_TASK GOAL_. Please repeat, from the entries that follow, the lines from the one containing "아이는 방법을 알려준" through the one containing "Gymnastic ring obstacle" exactly, adding nothing.

_MATERIAL SHOWN_.
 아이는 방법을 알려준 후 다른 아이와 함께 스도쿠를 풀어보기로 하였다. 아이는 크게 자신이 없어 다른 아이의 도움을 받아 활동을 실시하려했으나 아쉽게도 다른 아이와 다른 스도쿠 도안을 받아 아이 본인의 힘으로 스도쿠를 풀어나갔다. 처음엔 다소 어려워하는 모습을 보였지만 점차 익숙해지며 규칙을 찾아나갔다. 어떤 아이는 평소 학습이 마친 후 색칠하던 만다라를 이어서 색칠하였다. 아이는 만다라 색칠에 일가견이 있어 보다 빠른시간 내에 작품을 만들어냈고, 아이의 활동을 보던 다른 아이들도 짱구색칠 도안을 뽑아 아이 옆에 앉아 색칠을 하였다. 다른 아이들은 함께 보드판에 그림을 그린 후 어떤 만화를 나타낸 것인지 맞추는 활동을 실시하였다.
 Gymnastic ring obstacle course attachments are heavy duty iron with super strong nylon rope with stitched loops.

...

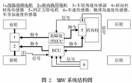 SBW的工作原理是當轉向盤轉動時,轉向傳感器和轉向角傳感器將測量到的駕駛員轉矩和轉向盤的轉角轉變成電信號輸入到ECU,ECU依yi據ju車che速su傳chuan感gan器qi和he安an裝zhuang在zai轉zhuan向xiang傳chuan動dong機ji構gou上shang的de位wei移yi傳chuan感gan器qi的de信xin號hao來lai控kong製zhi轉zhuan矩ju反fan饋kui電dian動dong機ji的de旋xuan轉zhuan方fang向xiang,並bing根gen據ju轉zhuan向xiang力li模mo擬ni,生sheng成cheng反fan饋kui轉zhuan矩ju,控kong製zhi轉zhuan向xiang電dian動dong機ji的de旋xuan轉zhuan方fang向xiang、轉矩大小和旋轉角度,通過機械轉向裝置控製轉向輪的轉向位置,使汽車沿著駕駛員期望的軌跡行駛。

_RESPONSE FOR THIS EXERCISE_.
 아이는 방법을 알려준 후 다른 아이와 함께 스도쿠를 풀어보기로 하였다. 아이는 크게 자신이 없어 다른 아이의 도움을 받아 활동을 실시하려했으나 아쉽게도 다른 아이와 다른 스도쿠 도안을 받아 아이 본인의 힘으로 스도쿠를 풀어나갔다. 처음엔 다소 어려워하는 모습을 보였지만 점차 익숙해지며 규칙을 찾아나갔다. 어떤 아이는 평소 학습이 마친 후 색칠하던 만다라를 이어서 색칠하였다. 아이는 만다라 색칠에 일가견이 있어 보다 빠른시간 내에 작품을 만들어냈고, 아이의 활동을 보던 다른 아이들도 짱구색칠 도안을 뽑아 아이 옆에 앉아 색칠을 하였다. 다른 아이들은 함께 보드판에 그림을 그린 후 어떤 만화를 나타낸 것인지 맞추는 활동을 실시하였다.
 Gymnastic ring obstacle course attachments are heavy duty iron with super strong nylon rope with stitched loops.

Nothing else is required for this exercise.